U.S. Trade Representative Robert Lighthizer informed Congress on May 18 of President Donald Trump’s intent to initiate negotiations with Canada and Mexico “as soon as practicable,” but no earlier than Aug. 16, according to a news release.
The formal notification starts a 90-day period that must expire before trade deals can be altered.
United Fresh Produce Association issued a statement emphasizing the importance of trade to the produce industry and noted it looks forward to working with the relevant parties to identify ways NAFTA can be updated to better serve the industry.
“Trade across the NAFTA countries serves both consumers and deeply connected supply chains, providing significant jobs not only in agriculture but in processing and distribution,” Robert Guenther, senior vice president of public policy for United Fresh, said in the statement. “The past 25 years of NAFTA has seen important growth in the fruit and vegetable industry to meet consumer demand. However, there are certainly specific challenges within fresh produce that NAFTA modernization can aggressively address, so we are pleased that this opportunity has been realized by the Administration.”
“Since January, United Fresh has been in constant dialogue with Congress, the Administration and other interested stakeholders to convey that the fruit and vegetable industry needs trade agreements that facilitate trade, rather than erecting barriers that protect specific interests,” Guenther said. “This includes pursuit of trade agreements that eliminate unfair, discriminatory and non-science-based regulatory barriers that disadvantage the industry both here in North America and throughout the globe. United Fresh will work to ensure that changes to NAFTA reflect those principles.”
Lighthizer said in his letter to Congress that many parts of the trade agreement are outdated and that the U.S. aims to support higher-paying jobs domestically and to grow the domestic economy by improving trade opportunities with Canada and Mexico.
“NAFTA was negotiated 25 years ago, and while our economy and businesses have changed considerably over that period, NAFTA has not,” Lighthizer said in the letter. “Our aim is that NAFTA be modernized to include new provisions to address intellectual property rights, regulatory practices, state-owned enterprises, services, customs procedures, sanitary and phytosanitary measures, labor, environment, and small and medium enterprises.”

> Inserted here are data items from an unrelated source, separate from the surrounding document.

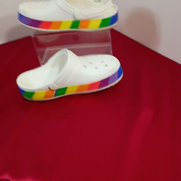 Crocs Men's SZ 5 Women's SZ 7 Rainbow Pride White Slip On Shoes Sandals
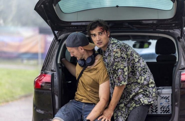 Dr. Mikko Rantala (Luan Gummich, r.) trifft auf die Festivalbesucherin Beatrice Punsch (Imke Büchel, l.), die sich eine Armverletzung beim missglückten Stagediving zugezogen hat.
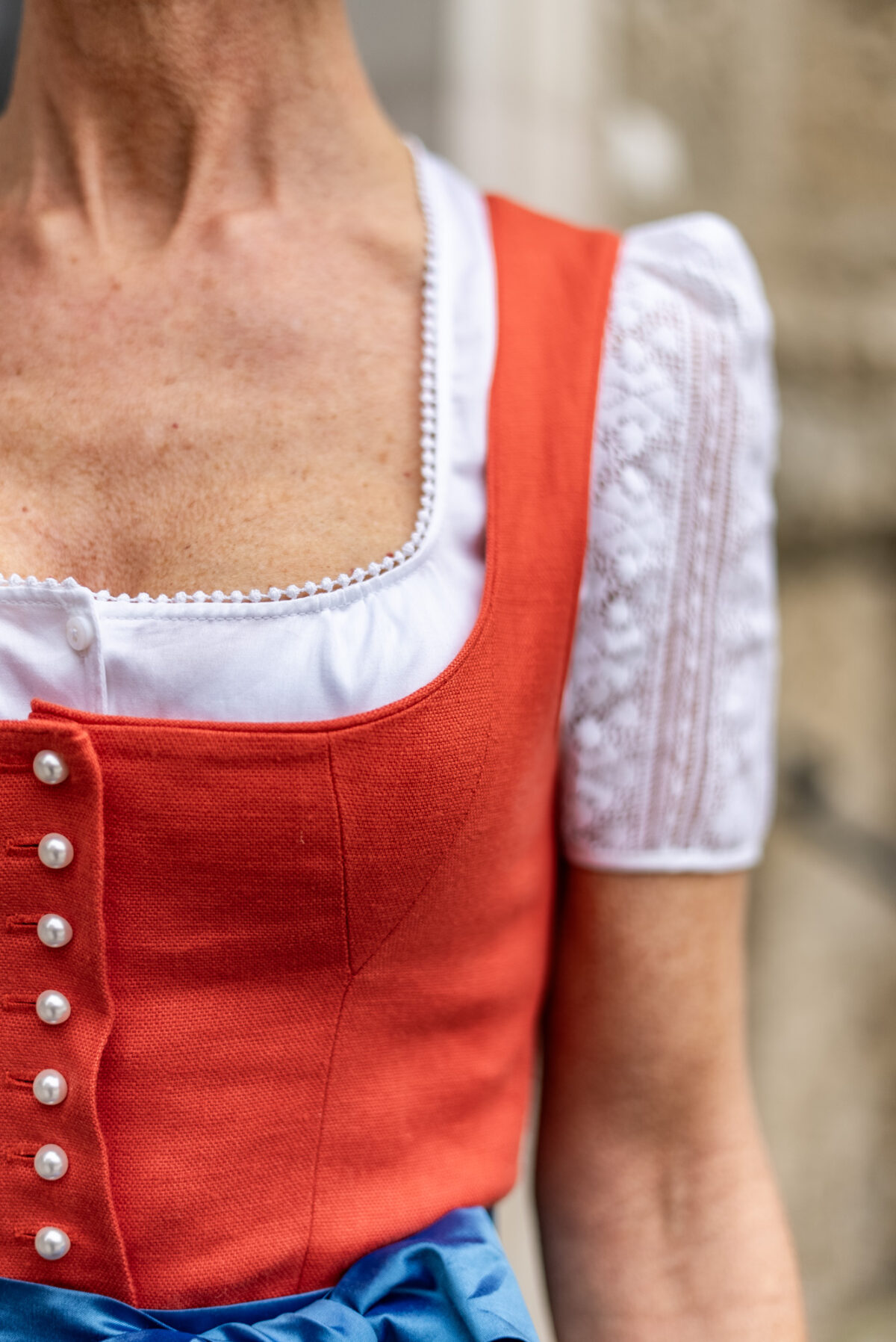 Dieses Heimatwerk Dirndl besticht durch seine Farbe und Eleganz. Hochwertiges Leinen in Koralle wurde im Miederschnitt im Oberteil verarbeitet und mit Knöpfen versehen. Der gemusterte Baumwollrock in den Farben Blau und Koralle wurde in Falten gelegt und auf eine 70er Länge verarbeitet und mit einem edlen Vorstoß versehen. Mit der Wildseidenschürze wird dieses Stück zu einem edlen Begleiter für jeden Anlass. Unser Dirndl wird wie alle anderen auch in Österreich produziert und hochwertig verarbeitet. Qualität die man sieht und spürt.

Since Feb. 2 the administration has consulted with members of the Senate Committee on Finance, the House Committee on Ways and Means, the House Advisory Group on Negotiations, the Senate Advisory Group on Negotiations, trade advisory committees and others on the topic of NAFTA renegotiation, according to the letter.
“We are committed to concluding these negotiations with timely and substantive results for U.S. consumers, businesses, farmers, ranchers, and workers, consistent with U.S. priorities and the negotiating objectives established by the Congress in statute,” Lighthizer said in the letter.
A notice will be published in the federal register requesting public input on the content of the negotiations, according to the release.